Чины будто бы ждали этого приглашения. Они дружно затопали по трапу, были введены в кают-компанию и представлены присутствующим.

– Господа, вот вы у нас – «порядок и взаимодействие», – ознакомившись с их бумагами, сходу принялся рассуждать капитан. – Может, хоть вы нас вразумите – что, собственно, происходит? Мне, батеньки мои, трудно судить, но, ей-богу, можно ведь, наверное, как-то ускорить приемку-погрузку? Посоветуйте, господа! Четвертый день ведь канитель сия – и конца ей не видать! Господи, да что же это я! – спохватился Кази, перехватив словно бы нечаянный взгляд гостей на накрытый стол. – Не угодно ли закусить? Да и освежиться, а? Денек-то сегодня, кажется, прохладный. И мы уж с вами! Ваше сиятельство, господа – прошу!

Особо чиниться пришлые господа не стали. После третьей чарки, уничтожив на столе изрядную часть рыбных деликатесов и холодной дичи, гости разговорились. Порядку могло быть больше, признались они. Отчего медленно дело движется? А по двум причинам, господа флотские! Обыскивают арестантов с должным тщанием – но медленно. И доктора земские, призванные для выявления больных и немощных, очень уж неопытны для каторжанских хитростей и «мастырок».

Более всего ошеломило господ флотских откровенное заявление «гостей» о том, что местному тюремному начальству с погрузкой спешить вовсе нет нужды! Ведомство, как уверяли сыскные, за каждый божий день пребывания большого этапа в Одессе получает на каторжных от казны кормовые деньги. Прибыло же их сюда по «чугунке» пять сотен душ, вот ведомство и получает на эти пять сотен арестантов кормовые все время, пока пароход от причала не отойдет.

– Но позвольте! – возмутился Сергей Ильич Кази. – Главное тюремное управление обязано кормить только оставшихся на берегу арестантов! Те, кого уже пропустили на борт, находятся на довольствии Общества Добровольного Флота, которое по итогам рейса предъявит счет тому же министерству…

Гости враз понимающе ухмыльнулись: предъявляйте счета кому хотите, господа флотские! Нам это без разницы! Вы просили причины раскрыть – вот мы вам, за ваше уважение, и раскрываем!

– Да-да, простите, господа! – взялся за виски Кази. – Ну и что же нам делать в такой ситуации? Посоветуйте!

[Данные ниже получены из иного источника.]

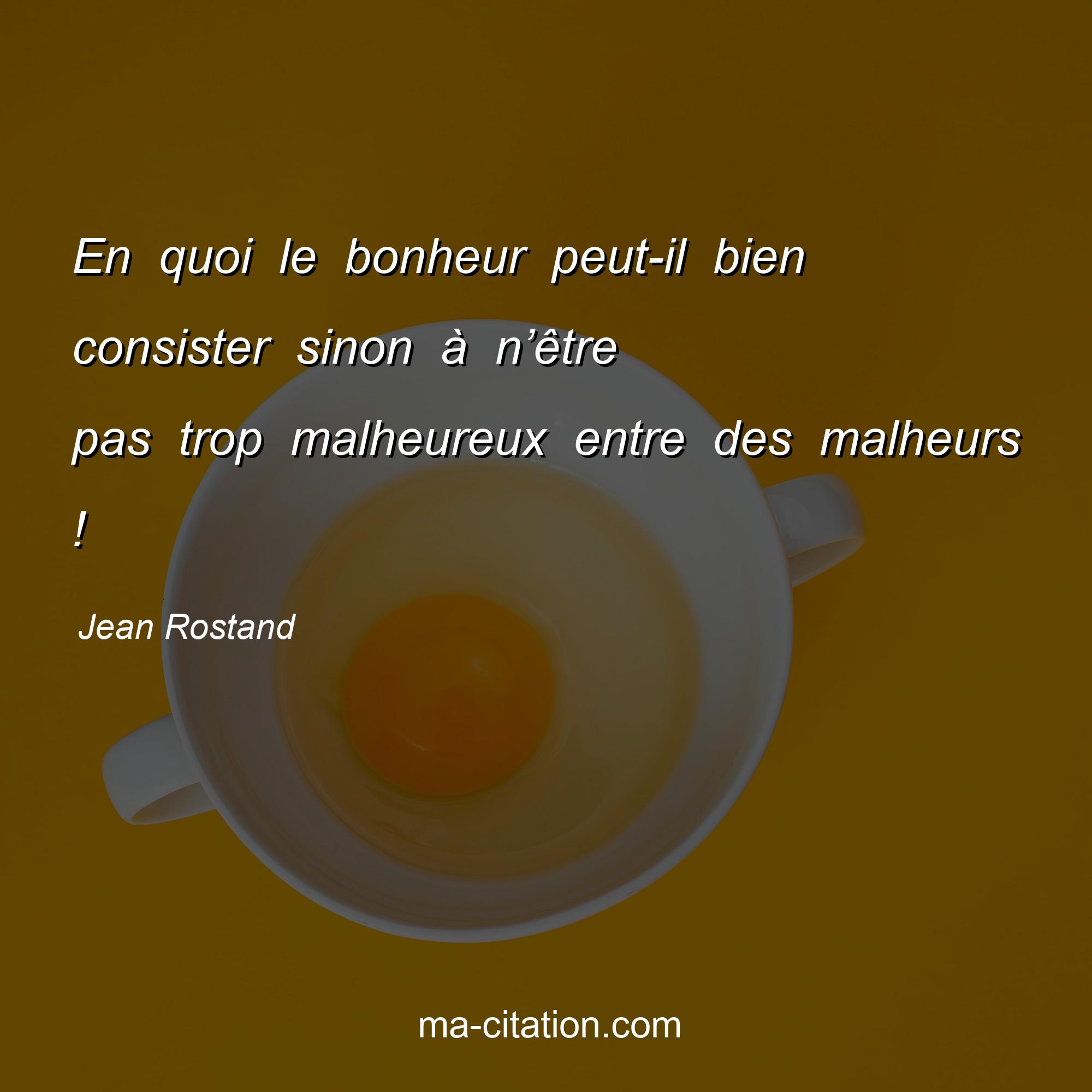 Citation sur la vie de Jean Rostand :En quoi le bonheur peut-il bien consister sinon à n’être pas trop malheureux entre des malheurs !

Для значительного ускорения погрузки нужна самая малость, пояснили сыскные. До сей поры каторжников обыскивают четверо надзирателей – а вы добейтесь от местного начальства еще одной пары! Ведь сейчас что делается? Арестантов заводят попарно, а обыскивают по одному. Не придерешься: двое надзирателей стоят столбами, присматривают за обыскиваемым и ожидающим. А двое работают – и то не шибко скоро, потому как наверняка негласное указание получили. Вы на Сахалин поплывете, а кормовые-то здесь останутся, верно?

– Я сейчас же отправляюсь к губернатору! – взорвался князь Шаховской. – Пусть изволит дать распоряжение начальнику местной тюрьмы, пусть сносится с Петербургом, наконец! И с кормовыми разобраться надо, черт возьми!

Гости вежливо посмеялись, и, осмелев, уже без приглашения снова потянулись за графинчиками. Налили, выпили, закусили. Воля ваша, господа флотские, да только такой способ действия дела не ускорит. Лишь сутолоку внесет, сумятицу и неразбериху. Делать дело нужно иначе – не угодно ли их совет послушать?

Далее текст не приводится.